**Data items**
= = = = =
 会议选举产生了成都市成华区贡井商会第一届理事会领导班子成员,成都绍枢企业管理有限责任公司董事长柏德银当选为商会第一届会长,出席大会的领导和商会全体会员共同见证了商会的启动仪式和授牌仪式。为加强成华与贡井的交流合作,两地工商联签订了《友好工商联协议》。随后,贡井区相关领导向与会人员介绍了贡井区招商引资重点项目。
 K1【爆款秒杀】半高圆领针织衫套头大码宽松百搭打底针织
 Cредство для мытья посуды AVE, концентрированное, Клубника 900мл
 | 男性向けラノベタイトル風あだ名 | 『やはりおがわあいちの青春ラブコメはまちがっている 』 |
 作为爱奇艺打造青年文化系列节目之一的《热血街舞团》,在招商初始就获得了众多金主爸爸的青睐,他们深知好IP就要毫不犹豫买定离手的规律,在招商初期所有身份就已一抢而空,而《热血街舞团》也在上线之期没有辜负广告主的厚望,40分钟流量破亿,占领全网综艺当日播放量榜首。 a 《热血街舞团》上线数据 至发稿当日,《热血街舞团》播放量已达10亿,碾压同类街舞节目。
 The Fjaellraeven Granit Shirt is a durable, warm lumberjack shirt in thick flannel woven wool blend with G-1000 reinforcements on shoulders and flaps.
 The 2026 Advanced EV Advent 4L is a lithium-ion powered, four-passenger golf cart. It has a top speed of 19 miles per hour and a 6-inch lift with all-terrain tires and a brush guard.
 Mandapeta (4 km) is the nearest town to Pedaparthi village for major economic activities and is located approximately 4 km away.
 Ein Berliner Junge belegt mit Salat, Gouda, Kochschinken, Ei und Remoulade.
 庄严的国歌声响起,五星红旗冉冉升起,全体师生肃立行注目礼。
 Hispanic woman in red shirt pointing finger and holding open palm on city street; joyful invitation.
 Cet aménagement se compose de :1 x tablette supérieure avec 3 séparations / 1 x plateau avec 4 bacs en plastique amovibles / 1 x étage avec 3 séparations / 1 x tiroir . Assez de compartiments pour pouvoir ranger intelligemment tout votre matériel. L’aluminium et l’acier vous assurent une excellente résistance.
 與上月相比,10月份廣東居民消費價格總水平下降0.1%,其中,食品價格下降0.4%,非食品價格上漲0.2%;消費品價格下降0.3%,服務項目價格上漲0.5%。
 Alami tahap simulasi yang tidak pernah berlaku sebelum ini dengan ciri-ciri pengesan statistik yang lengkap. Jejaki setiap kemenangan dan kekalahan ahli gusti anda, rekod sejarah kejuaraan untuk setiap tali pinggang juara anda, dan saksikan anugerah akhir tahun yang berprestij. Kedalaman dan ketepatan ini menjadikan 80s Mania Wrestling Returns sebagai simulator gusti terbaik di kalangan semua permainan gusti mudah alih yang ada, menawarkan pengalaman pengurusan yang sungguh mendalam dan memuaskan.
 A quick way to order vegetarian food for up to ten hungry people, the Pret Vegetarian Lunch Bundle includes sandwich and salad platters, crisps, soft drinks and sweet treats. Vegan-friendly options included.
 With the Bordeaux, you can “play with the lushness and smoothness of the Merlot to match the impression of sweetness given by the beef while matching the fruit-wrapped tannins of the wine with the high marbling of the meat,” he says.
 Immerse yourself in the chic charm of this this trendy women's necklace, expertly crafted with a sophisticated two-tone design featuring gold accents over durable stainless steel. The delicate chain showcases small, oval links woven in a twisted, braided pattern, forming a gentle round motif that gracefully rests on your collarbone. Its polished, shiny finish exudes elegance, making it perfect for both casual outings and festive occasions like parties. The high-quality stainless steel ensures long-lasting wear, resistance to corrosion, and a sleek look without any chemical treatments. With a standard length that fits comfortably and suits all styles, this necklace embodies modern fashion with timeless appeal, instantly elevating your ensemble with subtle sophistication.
= = = = =
**Exercise directions**
Which of the lines in the data contain the string "shirt"? Return each one.

**Expected answer**
 The Fjaellraeven Granit Shirt is a durable, warm lumberjack shirt in thick flannel woven wool blend with G-1000 reinforcements on shoulders and flaps.
 Hispanic woman in red shirt pointing finger and holding open palm on city street; joyful invitation.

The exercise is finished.